╭─ Supplied data

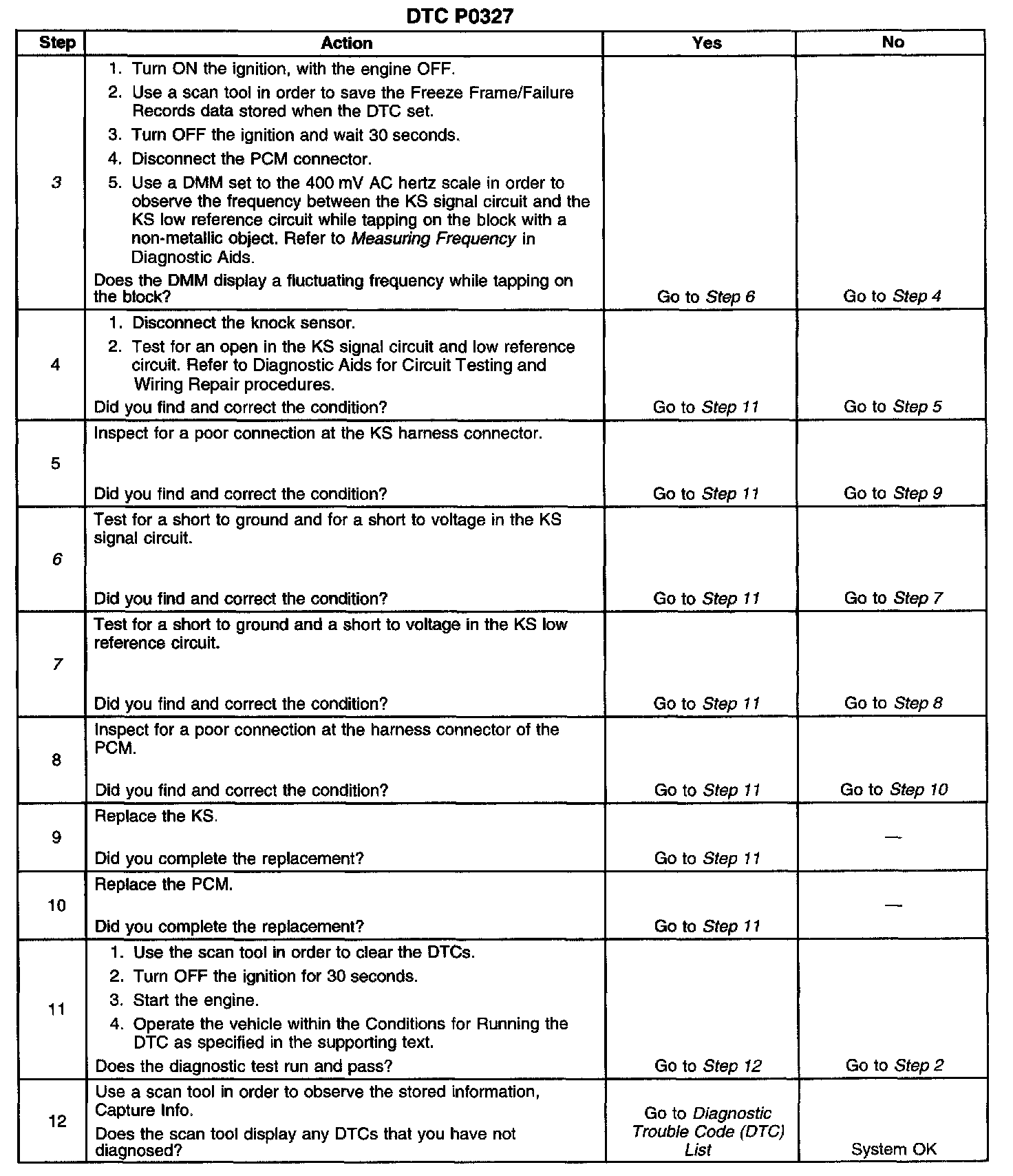 CIRCUIT DESCRIPTIONThe knock sensor (KS) produces an AC voltage at all engine speeds and loads. The powertrain control module (PCM) then adjusts the spark timing based on the amplitude and frequency of the KS signal. The PCM uses the KS signal to calculate the average voltage. Then the PCM assigns a voltage value. The PCM checks the KS and related wiring by comparing the actual knock signal to the assigned voltage range. A normal KS signal should stay within the assigned voltage range. This (DTC) will set if the KS signal is outside the assigned voltage range or not present.
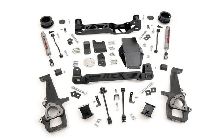 Zwiększ możliwości oraz ochronę swojego Dodga RAM 1500 dzięki 4" liftowi zawieszenia Rough Country. Zaprojektowany tak, aby zwiększyć możliwości terenowe oraz pozwolić na montaż opon do 35". Zestaw jest bardzo wytrzymały oraz wykonany z wysokiej jakości materiałów. Cięte laserowo elementy składają się w kompletny zestaw, który posiada wszystkie części potrzebne do podniesienia samochodu. Przednia i tylna kołyska zwiększają prześwit, a wytrzymała płyta osłonowa ochrania dyferencjał. Przedłużone zwrotnice pozwalają na ustawienie odpowiedniej geometrii. Dla zwiększenia osiągów zestaw posiada tylne amortyzatory serii N3.
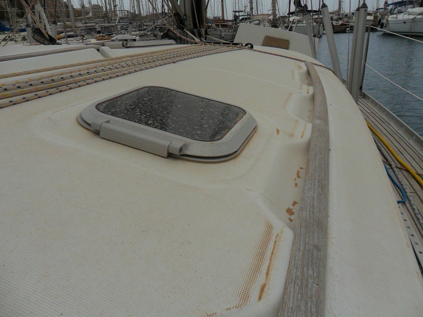 Om vijf uur tikken er verdwaalde druppels op het dek, regen vermengd met roodbruin zand. De wind is wat afgenomen, we vallen weer in slaap. Om negen uur staan we op, het is zwaar bewolkt en kil maar de wind is vrijwel weg (foto hierboven). Het dek ligt vol met roodbruin zand (zie hieronder), wat zonde van al ons schrobben en poetsen. Het heeft geen zin om het nu schoon te spuiten, voor vandaag voorspelt Radio Iraklion méér regen en opnieuw harde wind, nu uit het westen.
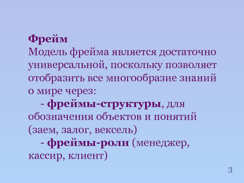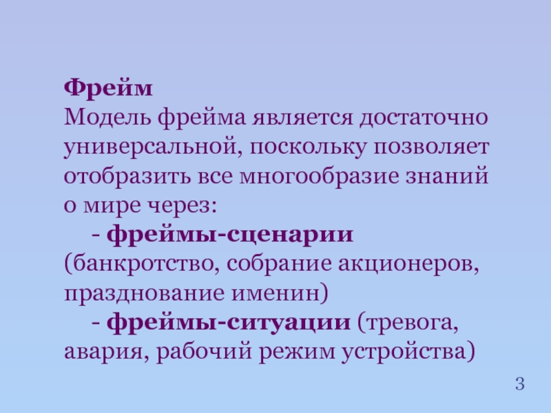Модель фрейма является достаточно универсальной, поскольку позволяет отобразить все многообразие
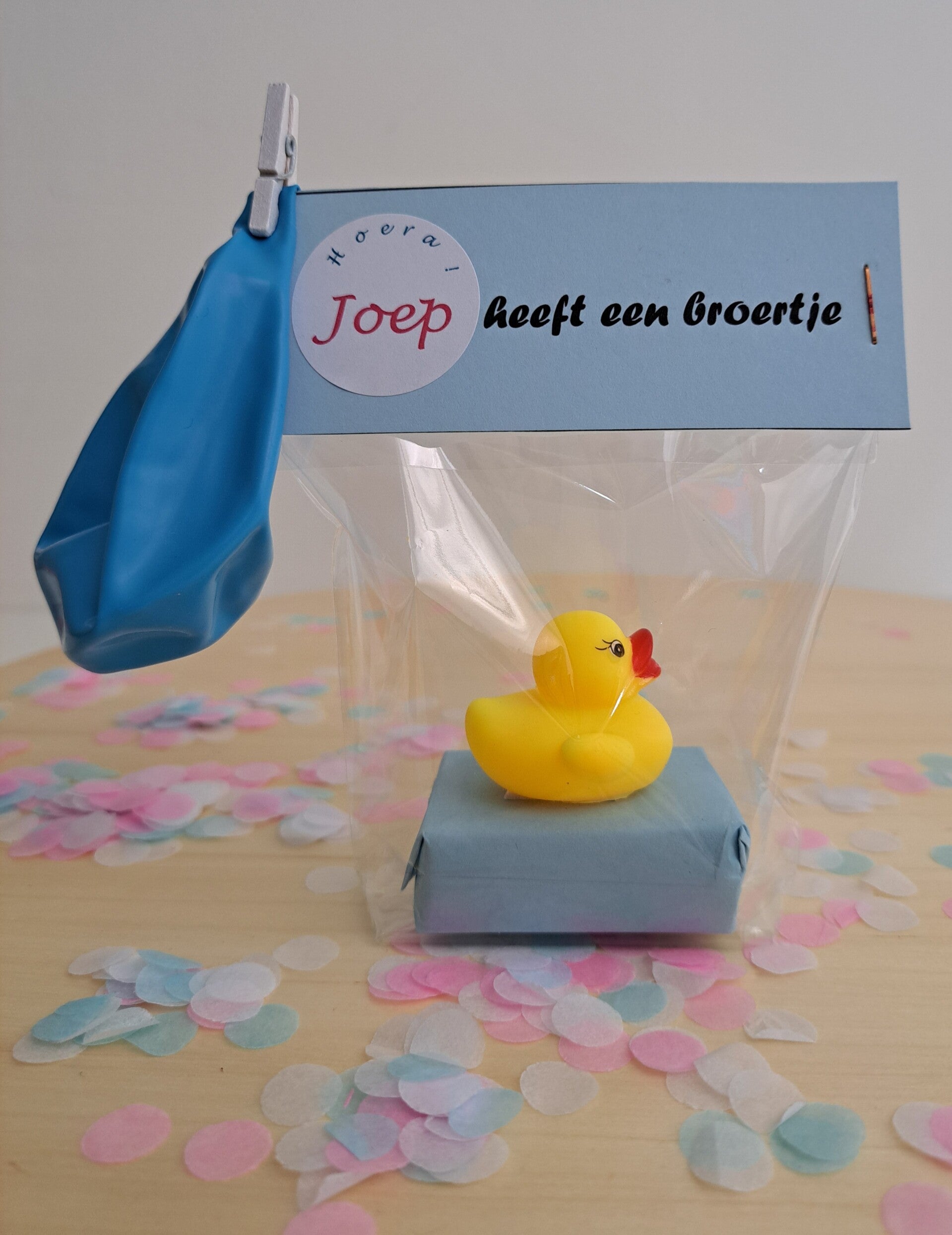 Verpakt in cellofaan zakje met label Hoera "naam"heeft een zusje/broertje en een ballon bevestigd met knijpertje.
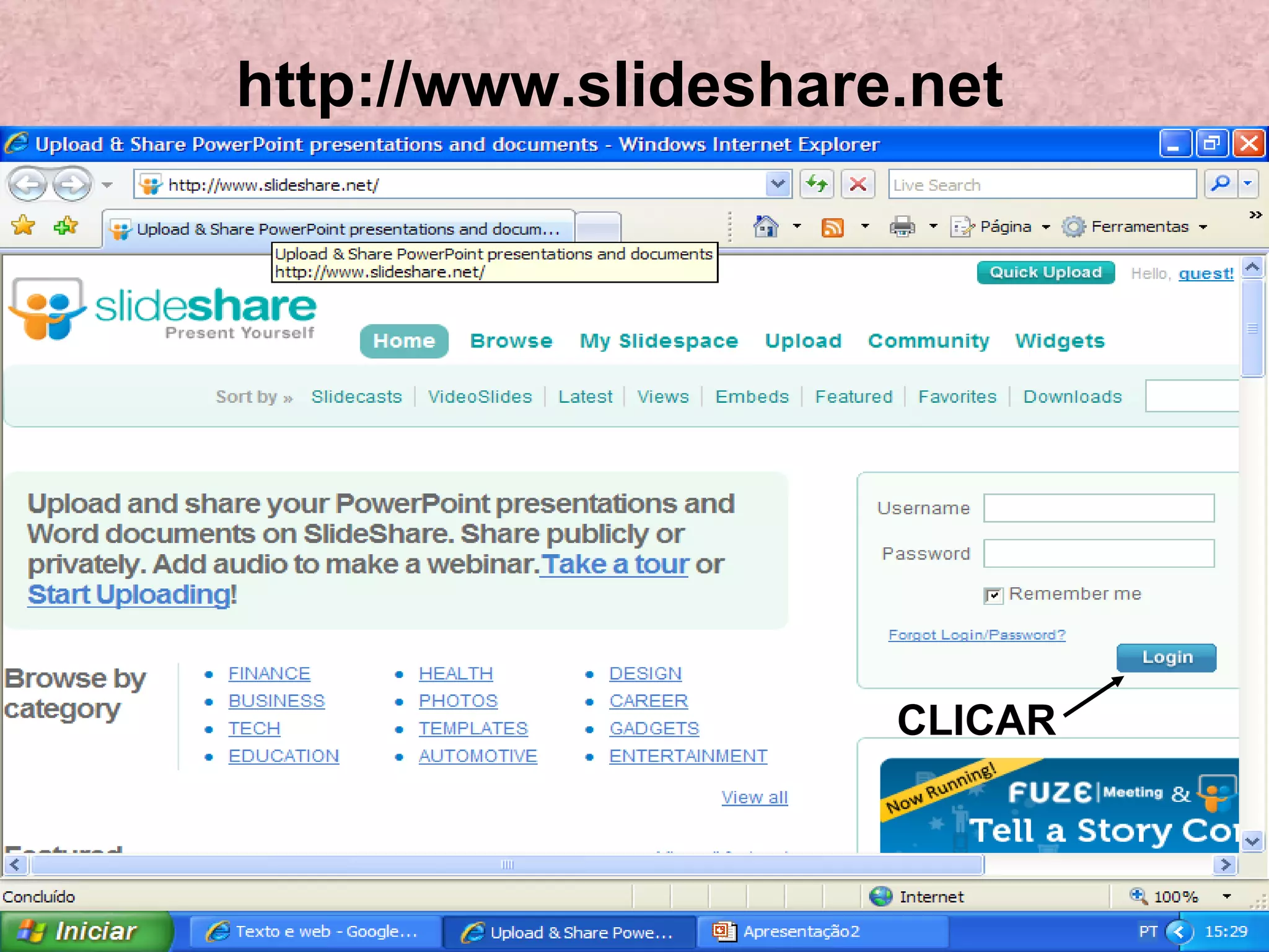 Este documento fornece instruções sobre como compartilhar uma apresentação no SlideShare, incluindo como adicionar tags e configurar a privacidade, além de fornecer um link para compartilhar.
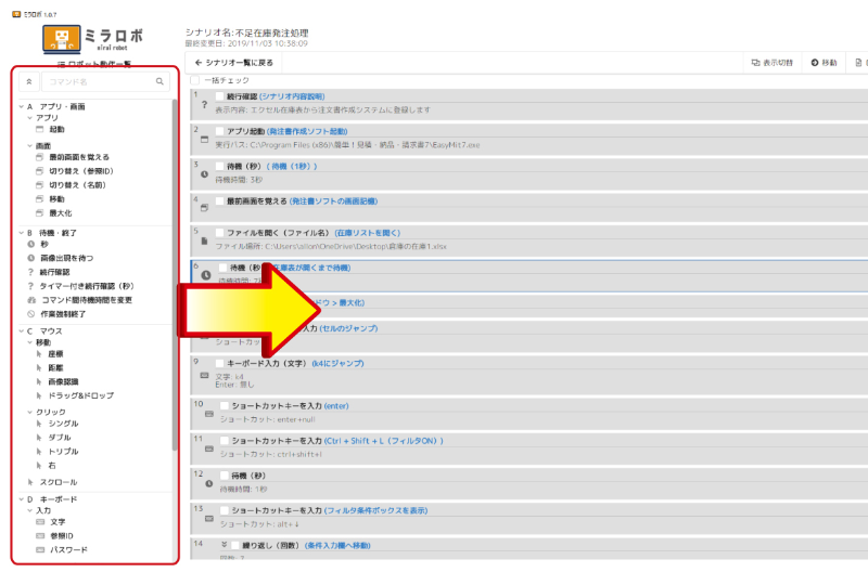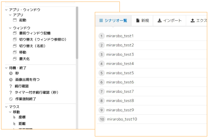 ミラロボにやってほしいキーボードやマウスの「動作」を一覧から順番に選ぶだけです。できるだけ難しい設定をしなくてもいいように、シンプル設計でありながらも、任せる範囲は無限大です。

╰─

◆ **Task instructions**
An exact restatement of the lines from the one holding "Verpakt in cellofaan" through the end of the entries, both ends included, is the whole answer. Pictures stay out.

◆ **Solution to this problem**
 Verpakt in cellofaan zakje met label Hoera "naam"heeft een zusje/broertje en een ballon bevestigd met knijpertje.
 Este documento fornece instruções sobre como compartilhar uma apresentação no SlideShare, incluindo como adicionar tags e configurar a privacidade, além de fornecer um link para compartilhar.
 ミラロボにやってほしいキーボードやマウスの「動作」を一覧から順番に選ぶだけです。できるだけ難しい設定をしなくてもいいように、シンプル設計でありながらも、任せる範囲は無限大です。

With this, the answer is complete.